Ante las recientes reformas constitucionales que se han realizado en México, conviene reflexionar sobre las reformas a la Constitución Política, sus finalidades y consecuencias. Carlos Sánchez Vázquez presenta estos apuntes teóricos sobre los procesos deconstituyentes.
Introducción
Desde el 5 de febrero de 1917 hasta el 31 de octubre de 2024, el 87.5 por ciento de los dispositivos constitucionales han sido reformados. La extensión de la Constitución se ha incrementado 600 por ciento y sólo 0.96 por ciento del texto vigente corresponde al original. Entonces, ¿es correcto afirmar que nos regimos bajo las normas fundamentales del constituyente de 1917?

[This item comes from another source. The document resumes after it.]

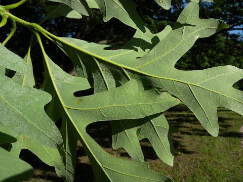 Alternate leaves occur along the twigs and young shoots. New leaves are pubescent, but they become hairless later. Mature leaves are 5 to 8.5 inches (13–22 cm) long and 2.75 to 4.5 inches (7.0–11.4 cm) wide they are broadly elliptic or obovate in outline and pinnatifid with 3-5 pairs of deep to medium lobes. The lobes have round tips and round sinuses; sometimes a few small secondary lobes are present. The upper surface of mature leaves is medium green and glabrous, while the lower surface dull light green or gray-green and hairless (or nearly so). The leaf bases are narrow and wedge-shaped (cuneate). The petioles are ¼-¾ inch long; light green to yellow, and glabrous. Because of the short petioles and their stiff texture, the leaves are resistant to fluttering in the wind. They usually turn red or brown in autumn, but depending on climate, site, and individual tree genetics, some trees are nearly always red, or even purple in autumn. Some brown, dead leaves may remain on the tree throughout winter until very early spring. The lobes can be shallow, extending less than halfway to the midrib, or deep and somewhat branching.

Sin lugar a dudas, las reformas que han tenido lugar durante más de 107 años han transformado por completo el texto constitucional; pero la pregunta relevante es: ¿han modificado su identidad?
Para responder a esa interrogante es necesario, a priori, distinguir entre una reforma constitucional y la deconstitucionalización de la Constitución. Precisamente a raíz de la iniciativa y posterior aprobación del decreto de reforma al Poder Judicial, surgió un intenso debate sobre los alcances del poder constituyente derivado. Los principales actores políticos sostuvieron, durante el proceso legislativo, que la facultad de reformar la Constitución es un ejercicio de la soberanía nacional que les ha sido delegado sin restricción alguna; en contraste, hay quienes afirman que, aunque la Constitución no prevea cláusulas pétreas expresas, esa facultad está supeditada a restricciones implícitas; es decir, la facultad de reformar la Constitución no autoriza su propia destrucción —la destrucción de su esencia—.
Esta disyuntiva conlleva, en primer lugar, analizar si esa facultad del constituyente derivado es equiparable a la que ejerce el constituyente originario, principalmente en cuanto a la posibilidad de cambiar el paradigma constitucional sin restricción alguna.
Pero, para ello, es necesario hacer una distinción analítica entre estos conceptos.
Análisis de los conceptos: constituyente originario y constituyente derivado
Una distinción inicial la realiza, de manera indirecta, Karl Loewenstein, quien clasifica a las constituciones en originarias y derivadas.1) Define a las primeras como aquellas que son creadoras o fundacionales del Estado,2 cuya elaboración y adopción prescribe la voluntad del pueblo soberano.3 Para el jurista alemán, la Constitución primigenia es un producto exclusivo del pouvoir constituant originario (poder constituyente originario);4 en cambio, las “constituciones derivadas” son las que han sido reformadas sólo lo estrictamente necesario,5 pero sin perder su identidad originaria.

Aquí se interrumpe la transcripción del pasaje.